よく、「内発的動機を引き出す」と言われますが、そういう考え方は有効なのでしょうか?
「内発的」なものを、どうやって他人が「引き出す」ことができるの? という素朴な疑問です。

1)外発的動機づけ、内発的動機づけ

 動機づけ(モチベーション)の理論によれば、動機づけは、要因の種類によって「内発的動機づけ」と「外発的動機づけ」の2つに分けられます。

動機づけ要因が本人の外にある、つまり報酬や賞賛などによるものを「外発的動機づけ」と呼びます。他方、本人の内にある、つまり仕事や勉強など、動機づけの対象となった行為そのものに、やりがいや楽しさを感じることによるものを「内発的動機づけ」と呼びます。

ちなみに「づけ」はしばしば省略されます。(以下、省略します)

2)なぜ、内発的動機?

 外発的動機は、要因となる報酬などがなくなったり、当たり前になったりすると低下するので、仕事の世界では、これに依存しすぎるのはよくないとされます。
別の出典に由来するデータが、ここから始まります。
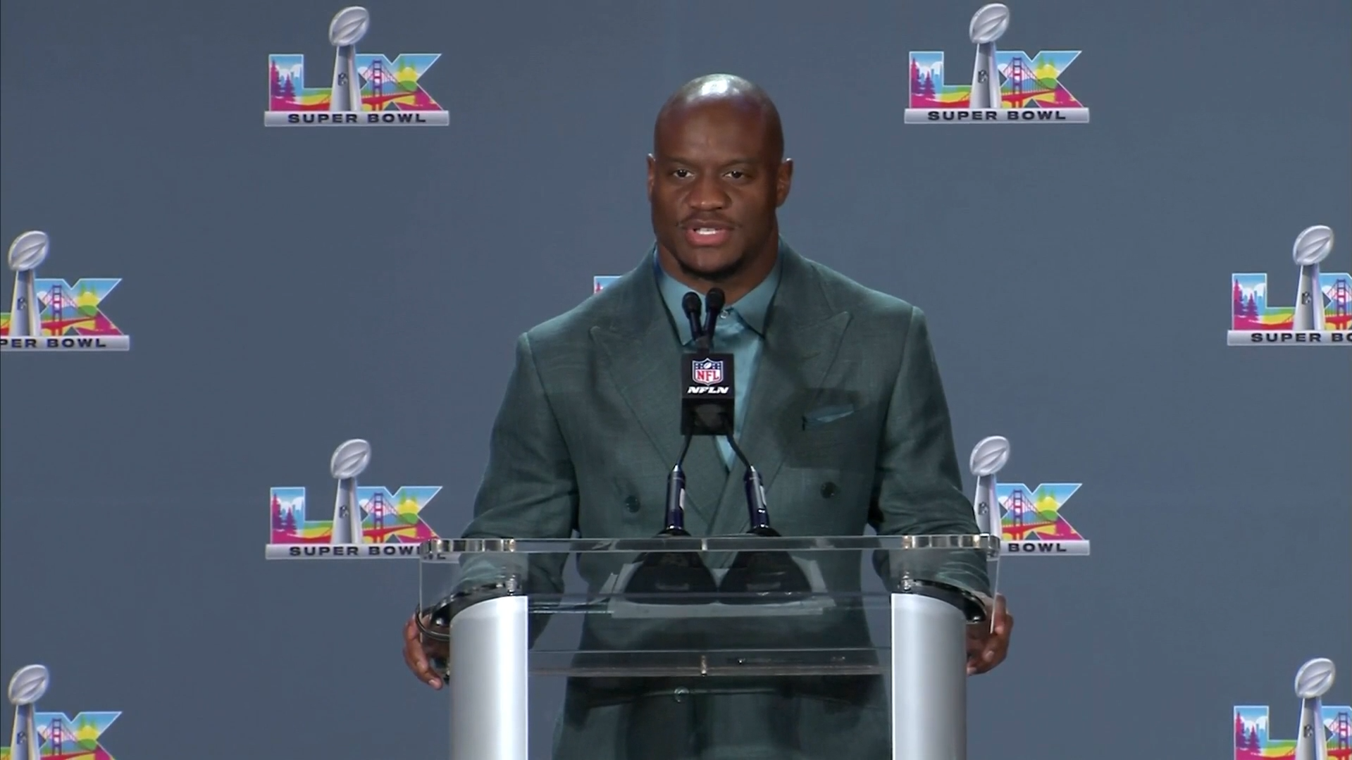 SportSuper-Bowl-MVP und Running Back der Seattle Seahawks Kenneth Walker spricht über das gewonnene Spiel gegen die New England Patriots.

これに対して、内発的動機は本人の主体性が発揮されるので、粘り強さや創意工夫が現れやすく、これをいかに高めるかが、最近のビジネス界での大きな課題の1つになっています。

3)内発的動機は「引き出せる」か?

外部である他人がどうこうして、動機が高まるのであれば、それは「内発的動機」ではありません。これは言葉の定義の問題です。

では、どうしようもないのか、というとそんなことはありません。

「高める」ではなく「引き出す」という、きわどいニュアンスがポイントです。つまり、直接的な刺激で変化を起こそうとするのではなく、環境を整えることによって、時間をかけて本人の内側から動機が高まりやすくするのです。

4)本当に「引き出し」ているか?

でもこれ、本来あるものを「引き出す」のですから、本人を変えるのではなく、本人に合わせて環境を変えるのが基本です。その境界はグレーゾーンですが、行き過ぎて本人を変える方に傾けば「洗脳」でしょう。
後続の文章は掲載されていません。